Summary:
Concurrent index creation enforces state changes where clients cannot be
more than one state apart. The state is tracked by the catalog version,
and it is enforced by making sure all clients are at the catalog version
corresponding to the state change before moving on to the next state.
Problem is, the catalog version we wait on does not necessarily
correspond to the actual state change. The catalog version used for
waiting uses the local catalog version, which is just +1 of the previous
version. That is not accurate when other DDLs bump up the catalog
version simultaneously.
Fix with two parts:
1. wait on a proper catalog version: instead of using the local catalog
version, fetch the master's catalog version after the previous state
change commit, then wait on that version. The downside is that there
is a time window between commit and fetching of master's catalog
version such that we may end up waiting on a later version than
necessary, but I didn't find an easy way to get the actual version
corresponding to the commit, especially considering issue #5030.
1. avoid waiting on the backend that is running the CREATE INDEX: since
we are now possibly waiting on catalog versions that are beyond the
version that the CREATE INDEX is at, it becomes necessary to
whitelist the backend running CREATE INDEX from being taken into
consideration during the wait on backends catalog version request.
This involves a lot of plumbing to send down that information.

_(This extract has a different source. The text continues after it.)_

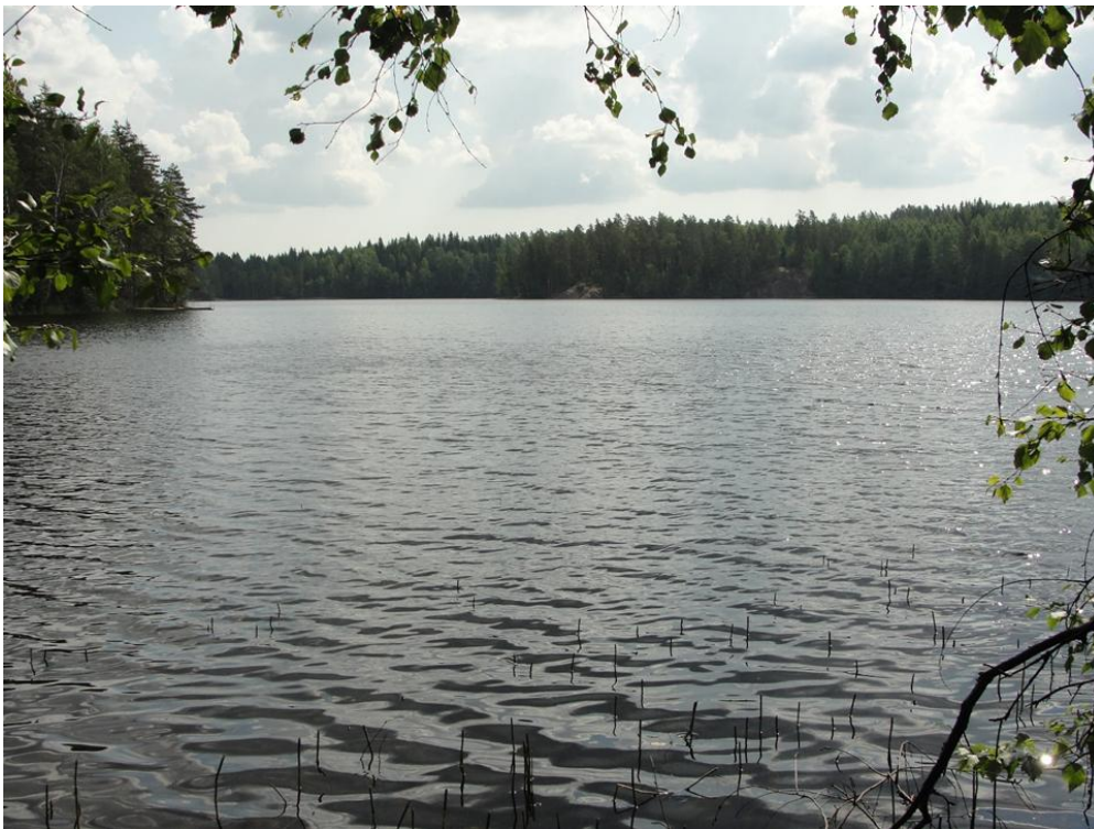
Kuva 2. Iso-Antias, Vihdin kunnassa, Nuuksion kansallispuistoalueella sijaitseva järvi.

Päällysvedessä alhaisesta levätuotannosta kertova klorofylli-a: oli alhainen, 3,2 µg/l. Myös kokonaisravinnepitoisuudet (fosfori ja typpi) olivat alhaisia (1 m: kokonaistyyppi 280 µg/l ja kokonaisfosfori 9 µg/l; 12,5 m: kokonaistyyppi 430 µg/l ja kokonaisfosfori 19 µg/l) ilmentäen karua vettä. Pohjan läheisyydessä ravinnepitoisuudet olivat hieman suuremmat kuin pintavedessä, mikä oli todennäköisesti seurausta heikentyneestä happitilanteesta ja sen aiheuttamasta ravinteiden vapautumisesta pohjasedimentistä alusveteen. Vesi on lievästi hapanta (pH 6,7). Veden hygieeninen tila oli erinomainen ( E. coli -bakteereja ei havaittu).

The
info to identify the backend is the tserver UUID and backend PID.
Some considerations:
- setting the local catalog version to +1 is an existing optimization
that should be reconsidered. If a concurrent DDL happened such that
the actual catalog version is higher, this backend may pass breaking
catalog version checks even if it doesn't deserve to. Do not deal
with this issue in this commit. Filed #25068.
- two callers of wait on backends catalog version for the same
db+version is no longer as shareable because only one backend is
excepted. Whichever caller was first will register their backend
tserver/pid for exemption from the check. If a second caller has the
same db+version, it will have to wait behind the existing information.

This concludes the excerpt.